═════ DATA EXCERPTS ═════
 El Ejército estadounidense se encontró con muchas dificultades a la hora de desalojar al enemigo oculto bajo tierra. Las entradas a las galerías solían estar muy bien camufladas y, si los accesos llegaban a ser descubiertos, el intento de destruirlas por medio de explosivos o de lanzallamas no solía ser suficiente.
═════
═════ DATA EXCERPTS ═════
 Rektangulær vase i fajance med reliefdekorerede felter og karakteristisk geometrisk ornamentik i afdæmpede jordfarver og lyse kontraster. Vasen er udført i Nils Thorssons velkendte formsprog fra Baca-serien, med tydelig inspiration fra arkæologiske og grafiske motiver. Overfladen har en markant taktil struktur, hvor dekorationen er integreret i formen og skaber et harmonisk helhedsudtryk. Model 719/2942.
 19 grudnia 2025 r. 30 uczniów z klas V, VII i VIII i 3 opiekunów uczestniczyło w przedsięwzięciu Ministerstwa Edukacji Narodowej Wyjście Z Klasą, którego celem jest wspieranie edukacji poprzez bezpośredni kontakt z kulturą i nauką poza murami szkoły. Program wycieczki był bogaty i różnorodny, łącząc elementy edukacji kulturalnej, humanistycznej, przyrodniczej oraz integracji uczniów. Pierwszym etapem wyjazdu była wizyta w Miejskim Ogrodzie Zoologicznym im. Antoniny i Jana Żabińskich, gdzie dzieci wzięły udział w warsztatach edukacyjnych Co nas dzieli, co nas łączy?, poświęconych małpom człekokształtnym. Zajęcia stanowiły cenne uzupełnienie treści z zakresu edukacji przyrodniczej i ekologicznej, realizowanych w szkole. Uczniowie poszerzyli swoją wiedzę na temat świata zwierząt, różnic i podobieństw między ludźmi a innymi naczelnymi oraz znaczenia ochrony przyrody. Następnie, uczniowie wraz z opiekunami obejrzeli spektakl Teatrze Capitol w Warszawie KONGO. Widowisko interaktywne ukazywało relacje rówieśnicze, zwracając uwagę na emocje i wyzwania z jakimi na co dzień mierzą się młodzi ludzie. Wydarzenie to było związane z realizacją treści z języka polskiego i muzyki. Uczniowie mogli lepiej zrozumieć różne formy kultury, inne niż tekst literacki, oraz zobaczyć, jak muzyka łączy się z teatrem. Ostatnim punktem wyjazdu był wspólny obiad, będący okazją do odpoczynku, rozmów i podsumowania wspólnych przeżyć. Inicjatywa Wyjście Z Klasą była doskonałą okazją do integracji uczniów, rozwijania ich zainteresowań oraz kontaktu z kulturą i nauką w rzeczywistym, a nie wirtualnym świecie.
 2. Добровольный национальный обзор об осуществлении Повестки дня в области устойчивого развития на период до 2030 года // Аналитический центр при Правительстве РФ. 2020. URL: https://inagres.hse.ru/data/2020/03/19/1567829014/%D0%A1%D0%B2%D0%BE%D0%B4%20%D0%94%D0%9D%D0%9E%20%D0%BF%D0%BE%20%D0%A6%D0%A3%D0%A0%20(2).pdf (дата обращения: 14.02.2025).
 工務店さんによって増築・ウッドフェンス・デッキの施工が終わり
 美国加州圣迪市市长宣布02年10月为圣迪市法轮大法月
═════
═════ DATA EXCERPTS ═════
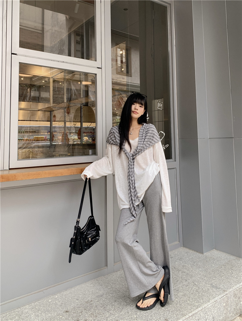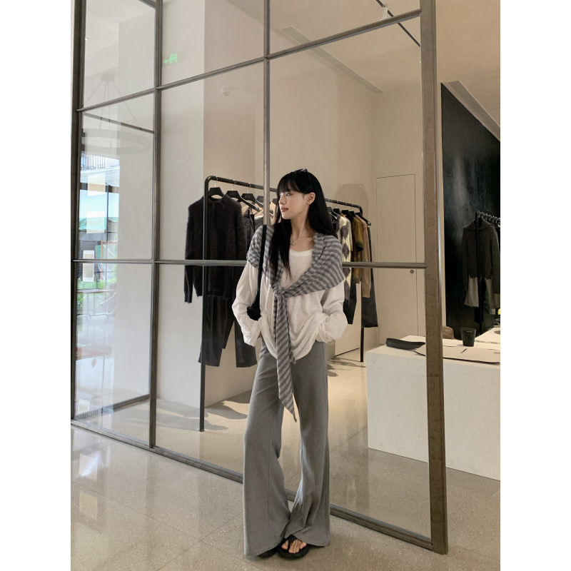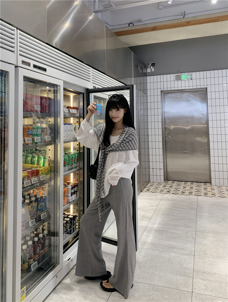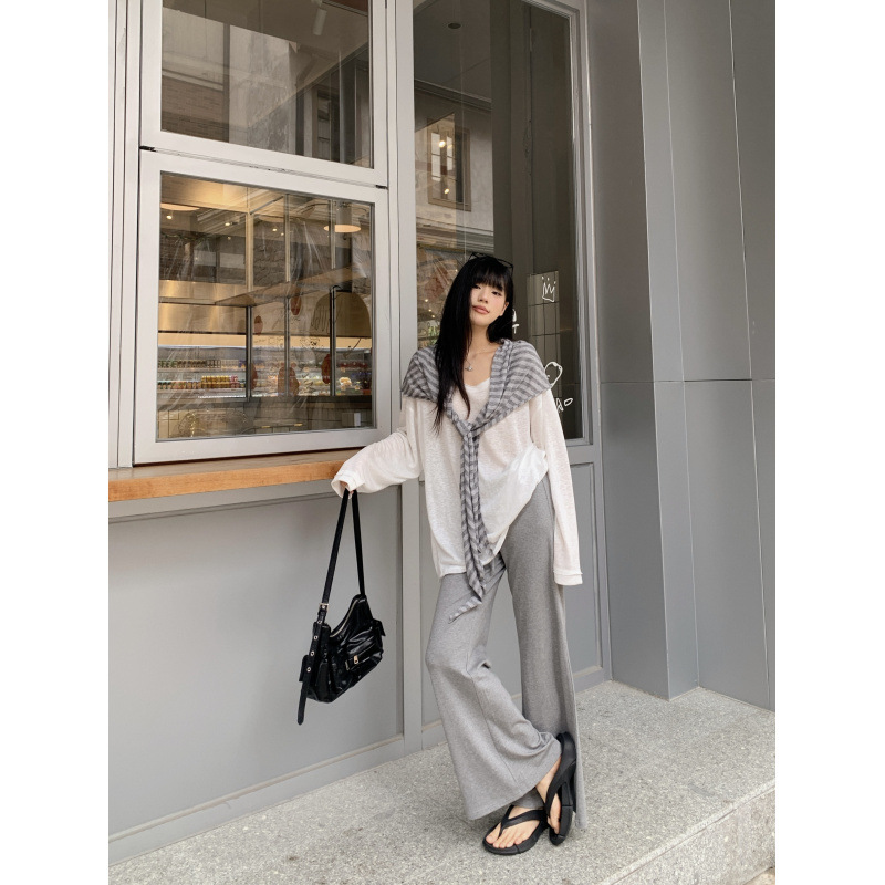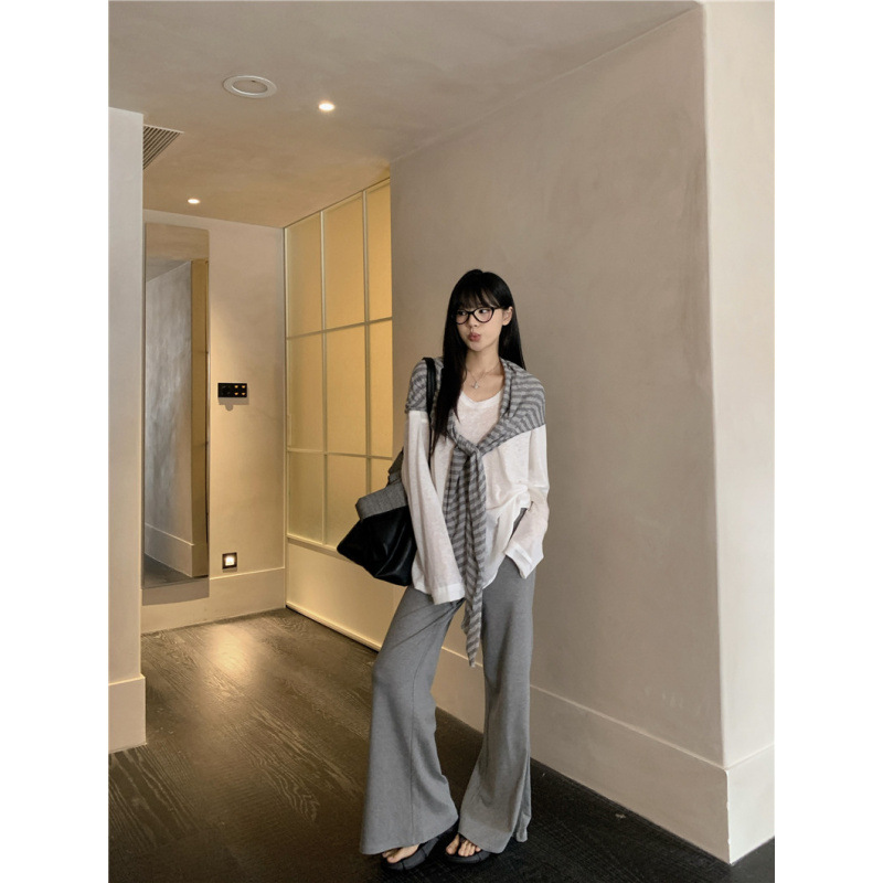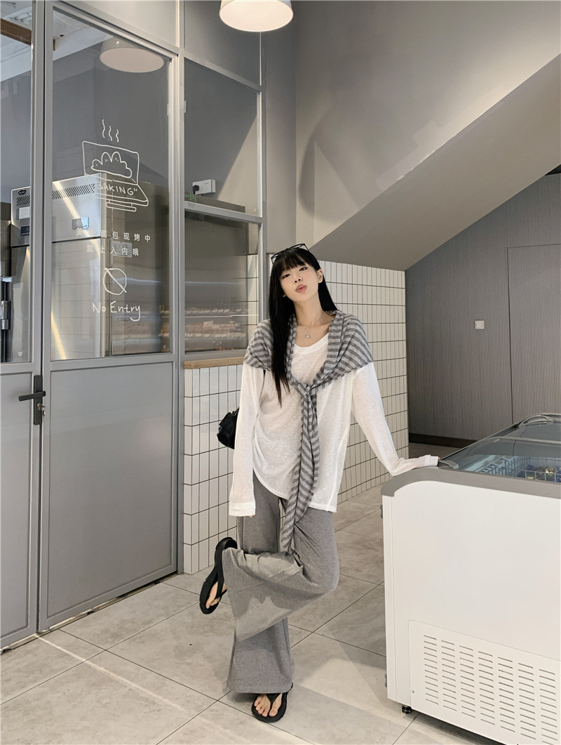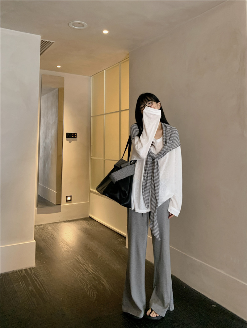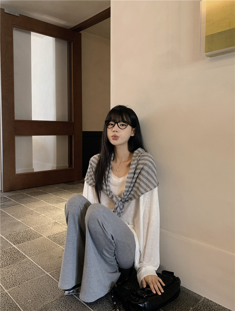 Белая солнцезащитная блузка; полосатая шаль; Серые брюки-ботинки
═════
Beginning at the line above that contains "2. Добровольный национальный", return each line exactly through the line that contains "美国加州圣迪市市长宣布02年10月为圣迪市法轮大法月", and no others.

 2. Добровольный национальный обзор об осуществлении Повестки дня в области устойчивого развития на период до 2030 года // Аналитический центр при Правительстве РФ. 2020. URL: https://inagres.hse.ru/data/2020/03/19/1567829014/%D0%A1%D0%B2%D0%BE%D0%B4%20%D0%94%D0%9D%D0%9E%20%D0%BF%D0%BE%20%D0%A6%D0%A3%D0%A0%20(2).pdf (дата обращения: 14.02.2025).
 工務店さんによって増築・ウッドフェンス・デッキの施工が終わり
 美国加州圣迪市市长宣布02年10月为圣迪市法轮大法月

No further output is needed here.